Crise énergétique : Le casse-tête des transports publics pour amortir l’explosion de leur facture d’énergie

En début de semaine, l’université de Strasbourg a pris une décision radicale pour faire face à l’explosion de sa facture d’énergie : la fermeture du campus deux semaines de plus cet hiver. En coupant les interrupteurs et les chauffages, l’établissement d’enseignement supérieur espère réduire ses dépenses. Mais ce qui est possible pour des bâtiments, ne l’est pas pour les réseaux de transport public qui ne peuvent pas stopper du jour au lendemain l’activité des métros, trams et autres bus au gaz de la France entière.

Et pourtant, rares sont ceux qui ne cachent pas leurs préoccupations face à la flambée du prix de l’électricité et du gaz. « En 2022, le montant de notre facture d’électricité est de 6 millions d’euros. Notre contrat s’achève à la fin de l’année et nous sommes en train de renégocier les tarifs pour l’an prochain. Selon les projections, nous pourrions passer à un montant de 24 millions d’euros », explique Jean-Michel Lattes, le président de Tisséo Collectivités, l’autorité organisatrice de la mobilité (AOM) à Toulouse.

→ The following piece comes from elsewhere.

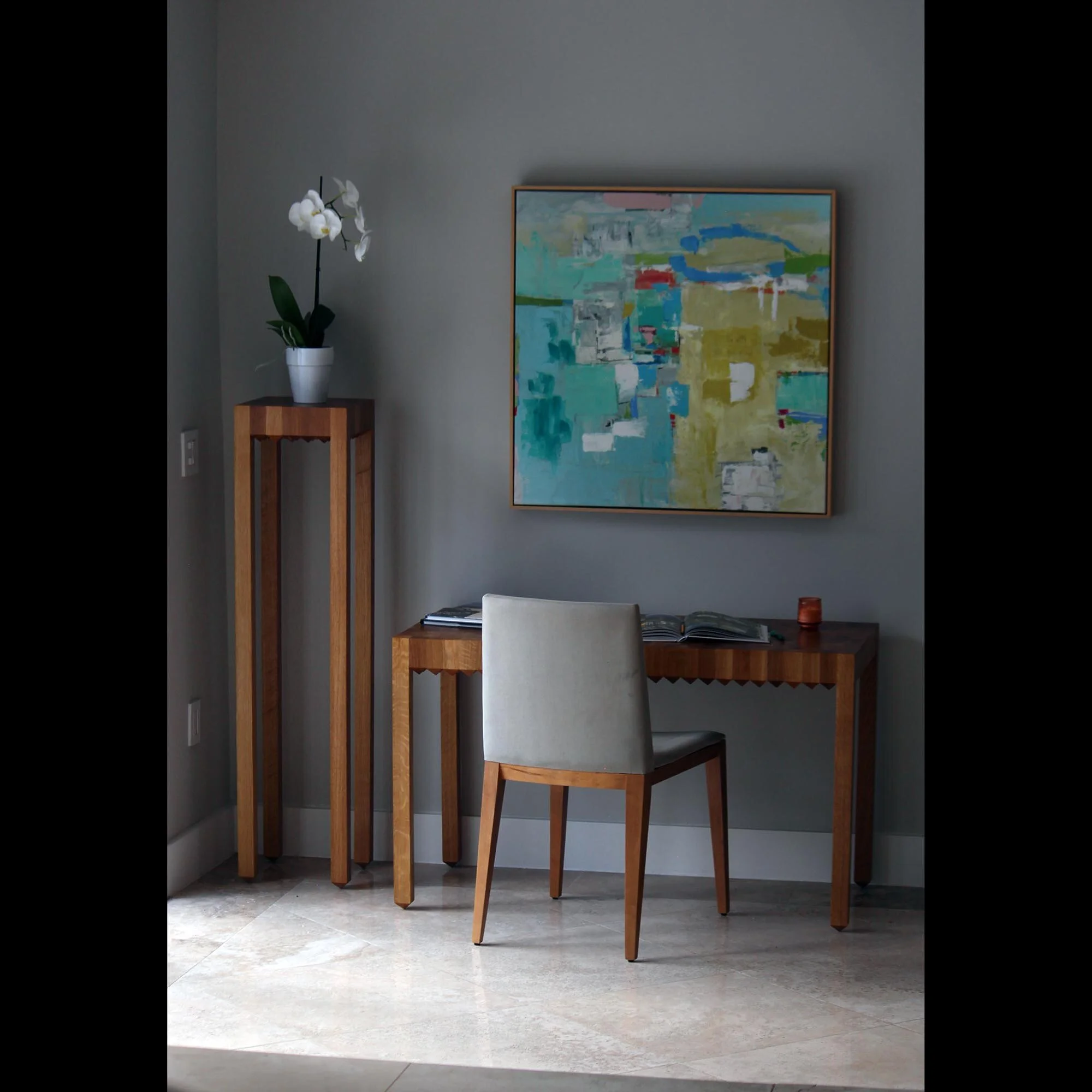 Our Mira de Aire collection was inspired by stalactites. Its design is both elegant and cozy as geometric lines meet warm white oak. The butcher’s block top is familiar and versatile, while the peaks underneath add mystery and a wisp of humor.

Hausse des tarifs ou réduction des fréquences à l’étude

De quoi donner des sueurs froides lorsqu’on sait que cela ferait passer le coût de l’énergie dans le budget du réseau toulousain de 2,5 % à près de 10 %. Le plus simple serait de le répercuter sur les tarifs en vigueur. Mais cette solution serait très impopulaire en cette période d’inflation, surtout quand les usagers toulousains viennent de voir leur ticket à l’unité prendre 10 centimes et qu’à compter de cette année, les titres et les abonnements Tisséo vont augmenter de 2 % tous les ans jusqu’en 2026.

« Nous avons regardé quelles étaient les pistes d’économie, notamment celle de réduire la cadence des rames de métro, alors qu’aujourd’hui nous avons à certains moments un passage à moins de deux minutes d’intervalle », avance Jean-Michel Lattes, qui écarte la piste de la hausse de tarifs.

A Bordeaux, la réflexion est sur la table. « Les surcoûts sont conséquents, et pourraient atteindre de l’ordre de 20 à 25 millions d’euros pour l’année 2023 », prévient le directeur de Keolis Bordeaux, la société gérant le réseau de transport en commun. Comme les tarifs n’ont pas augmenté depuis trois ans, une augmentation pourrait jouer le rôle d’amortisseur.

« Pour l’année prochaine nous verrons, mais je suis certaine que le président de la métropole demandera que cela reste plus que raisonnable, pas plus de 2 %, si augmentation il y a », assure Béatrice de François, la vice-présidente de la métropole en charge des Transports.

Baisse de la TVA réclamée

Valérie Pécresse, présidente d’Ile-de-France Mobilités, n’exclut pas non plus cette possibilité, même si elle ne veut pas imputer la flambée des prix aux seuls voyageurs. Sur les 950 millions d’euros de surcoûts, le syndicat francilien a déjà raclé les fonds de tiroirs et trouvé 200 millions. Reste 750 millions qu’il faudra financer, soit par une contribution plus élevée des collectivités, soit sur les marges de la SNCF et la RATP.

Valérie Pécresse ne serait pas non plus contre une baisse de la TVA de 10 % à 5,5 %. Une mesure réclamée aussi par le Groupement des autorités responsables de transport, L’association qui regroupe au niveau national l’ensemble des réseaux attend de connaître les remontées de tous ses adhérents pour monter au créneau auprès du gouvernement. Mais elle a déjà émis l’hypothèse que les aides remboursables versées durant le Covid-19 soient transformées en subvention. Et appelle à décorréler le prix du biogaz de celui du gaz naturel.

De nombreuses autorités organisatrices de la mobilité se sont en effet engagées dans la transition énergétique en achetant des bus hybrides ou roulant au biogaz. Ces explosions de factures énergétiques pourraient pousser certains à freiner leurs projets, et conserver encore quelques années leurs bus qui roulent au gazole. A Lyon, le Sytral n’a pas l’intention de faire marche arrière, même si son budget énergie va passer de 40 millions d’euros cette année à 55 millions d’euros l’an prochain. Il continuera à changer la motorisation de son réseau bus pour de l’électrique et du GNV. Mais si cette hausse devait perdurer, « l’équilibre financier de Sytral Mobilités serait naturellement fragilisé sans compter les conséquences du Covid », indique un de ses porte-paroles.